Even before you get to the book content itself, you can feel thoroughly motivated by the book design itself. The hardback comes in a vivid blue showing a funky metal switch. But not just any metal switch, but one with the book title stuck across it in bright red dynotape. Fabulous idea!
Once inside the book, you quickly grasp that you are being hand-held on an amazing journey which guides you through how to handle the challenges of change.
The Heath brothers point out that when we stumble and fail at embracing change, it's not because we are lazy in any way, but because "the primary obstacle lies in how our brains are constructed". Our brain isn't of one mind they tell us. It is, in fact, much more like "a two-party system with your logical brain at constant war with your emotional animal brain".
So, how do we handle change, knowing that our brain is a two-party system. Well, it's a no-brainer!

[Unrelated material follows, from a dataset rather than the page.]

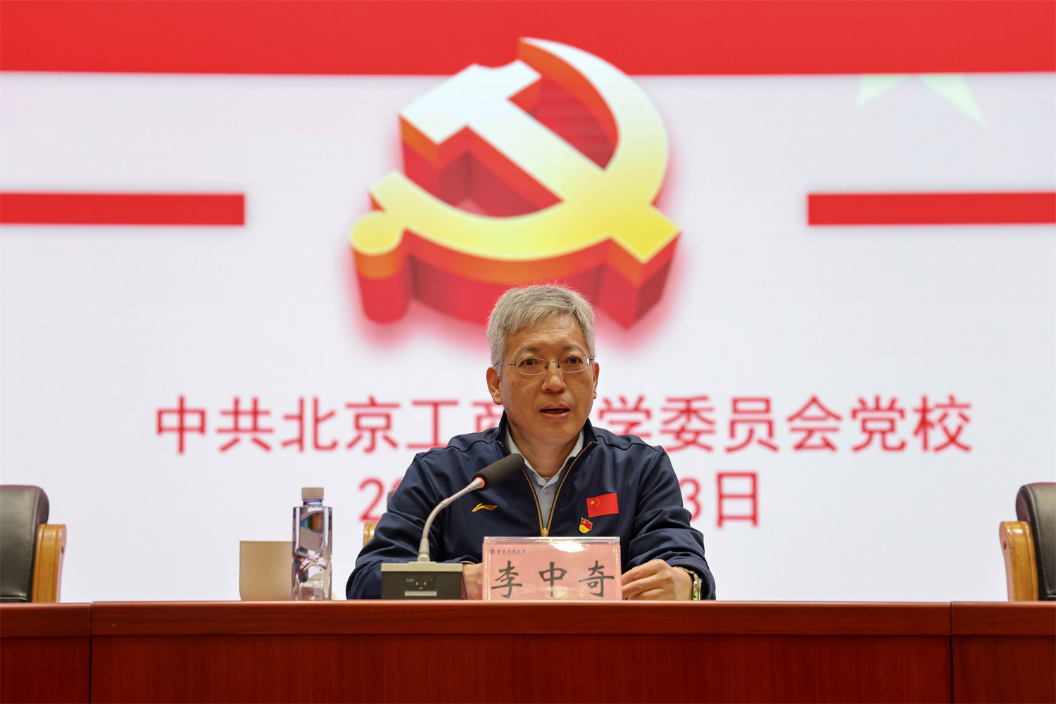 李中奇作开班动员讲话。他对各位学员成为党员发展对象表示祝贺,随后从“端正入党动机,坚定理想信念”、“落实主题教育要求,认真学习贯彻习近平新时代中国特色社会主义思想”、“把握新时代机遇,弘扬北工商精神”三个方面对全体学员提出要求和希望。他表示,各位发展对象不仅要从组织上入党,更要从思想上真正入党,做到知行合一,笃行不怠,不仅要做北工商学子中的佼佼者,更要为新时代中国特色社会主义事业贡献青春力量。

We simply follow the step-by-step guide provided by the Heath duo.
First - give clear direction to the logical brain so people understand what's expected of them.
Second - motivate the animal brain by engaging the emotions.
Third - clear the path for change by tweaking the environment to make the right behaviours easier and the wrong ones harder.
We also, you learn from Switch, need to focus on the ‘bright spots'- the things that are already working for us. The more we can understand these proven patterns, the better we can make changes in our lives and in the lives of others as well as our communities.
Thus, to change our behaviour, we need to do the following, the Heath boys tell us.
Direct the Rider : Find the bright spots. Script the critical movies. Point to the destination.
Motivate the Elephant : Find the feeling. Shrink the change. Grow your people.
Shape the Path : Tweak the environment. Build habits. Rally the herd.
The book manages to make you feel enthused and enlightened about handling tough change challenges and dismantling behaviour patterns that hinder rather than help significant change. Interestingly, the Heath brothers tell us that self-control is exhaustible, just like a muscle. So, when we are looking to change our behaviours, we shouldn't pile on too much change at once. One step at a time!
All in all, Switch is an excellent read, highly insightful and instructive and also ... fun! For those who like that sort of thing, the book is comprehensively referenced with expansive endnotes. Try it out - and switch on some change! Whether it's losing weight, changing work behaviours or setting yourself a major professional challenge, the book is all that you need to get there.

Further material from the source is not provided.